In other words, you are no longer only writing instructions. You are designing a system that can be consumed, observed, repaired, audited, and governed.
I used to think a better prompt would get me most of the way there
That is the natural starting point.
- clarify the prompt
- add a couple of examples
- tighten the format
- tell the model to say “I don’t know” when it does not know
All of that is sensible, and often useful. The role / task / constraints / output format / examples pattern in your notes is a genuinely practical way to get early tasks under control. For classification, extraction, or summarisation, it is already much better than tossing vague instructions at a model and hoping for the best.
But once I started wiring these systems into real workflows, the boundary became obvious. Some problems are prompt problems. Others simply are not.
Anthropic says this quite plainly in its prompt engineering documentation: not every failing eval is best solved through prompt engineering. In some cases, latency or cost are better addressed through model selection rather than prompt changes. That is a quietly important point. It means the official docs are already telling you that prompting is not the universal wrench.

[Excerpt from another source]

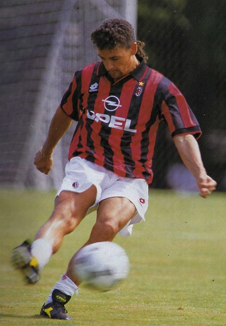 В рядах туринцев Роберто Баджо выходил против rossoneri десять раз , из них однажды появлялся в кубковом противостоянии , но оно не принесло голов ни футболисту , ни соперникам (Милан-Ювентус 0:0 , 31 марта 1992 , первый матч полуфинала). Трижды отправлял мячи в сетку вратарей своей будущей команды Роби , стоит выделить потрясающий гол в победном для «Старой синьоры» сезоне. Взятие ворот Себастьяно Росси особо подчеркнуло мастерство Божественного Хвостика и показало его понимание голевого момента , а выигрыш на «Делле Альпи» 30 октября 1994 у действующего чемпиона стал мощным рывком к скудетто подопечных Марчелло Липпи.

OpenAI’s documentation structure points in the same direction. Prompt engineering, structured outputs, function calling, tools, and evals are presented as separate capabilities. They are related, but they are not interchangeable.

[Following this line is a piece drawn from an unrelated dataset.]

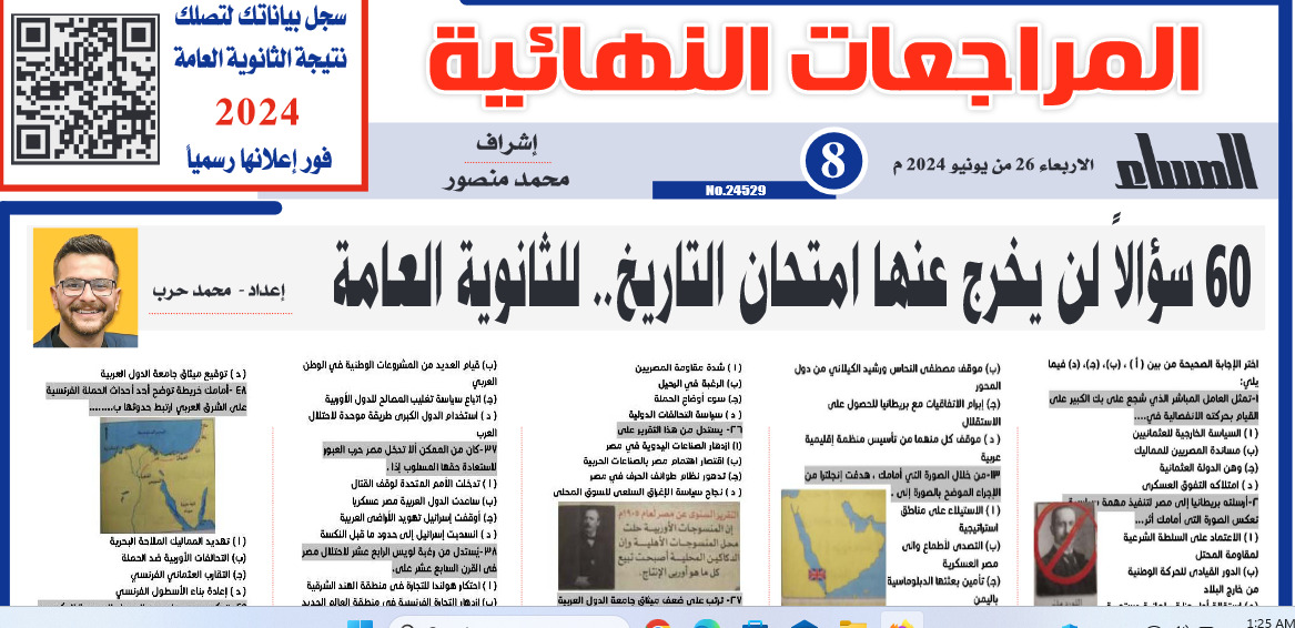 60سؤالا لن يخرج عنها امتحان التاريخ.. للثانوية العامة 2024

That is why I now treat prompt engineering as the first layer, not the whole building.
The way I’d split the building: five layers of responsibility
If you asked me what PMs are actually doing when they put LLMs into products and workflows, I’d frame it as five layers.
Layer 1: the interaction layer
This is the part most people recognise as prompt engineering.
Here you are working on:
- role
- task
- constraints
- output format
- examples
- few-shot patterns
- delimiters
- rubrics
- self-check instructions
This layer works well for:
- one-off summarisation
- lightweight classification
- copy rewriting
- low-risk extraction
- early PoCs where you are still trying to understand the shape of the problem
If your task is “classify this support request into Billing, Bug, or Feature Request” or “pull the email and deadline out of this messy message”, prompt engineering may well be enough, at least at first.
But the limitations show up quickly:
- a response that looks sensible may still be impossible for downstream systems to consume
- a response that is usually formatted well may still drift
- a response that is structurally fine may still be logically wrong
- none of that touches permissions, cost, auditing, or replayability
Layer 2: the output-contract layer
This is where you move from “humans can read it” to “systems can trust it”.
You no longer say only, “please answer in JSON”. You start defining:
- a schema
- required fields
- enums
- types
- additional property rules
- validators
- retries
- fallbacks
You are, in effect, turning a prompt into an output contract.
That shift is bigger than it sounds. Once the output needs to flow into CRM, ticketing, reporting, BI, or any other downstream system, free-form text becomes charming and dangerous in roughly equal measure.
Your note that “fixed JSON is the first ticket to enterprise adoption” is, frankly, dead right. The reason is not that it sounds more engineering-heavy. The reason is that it turns model output from “something resembling an answer” into “a verifiable data object”.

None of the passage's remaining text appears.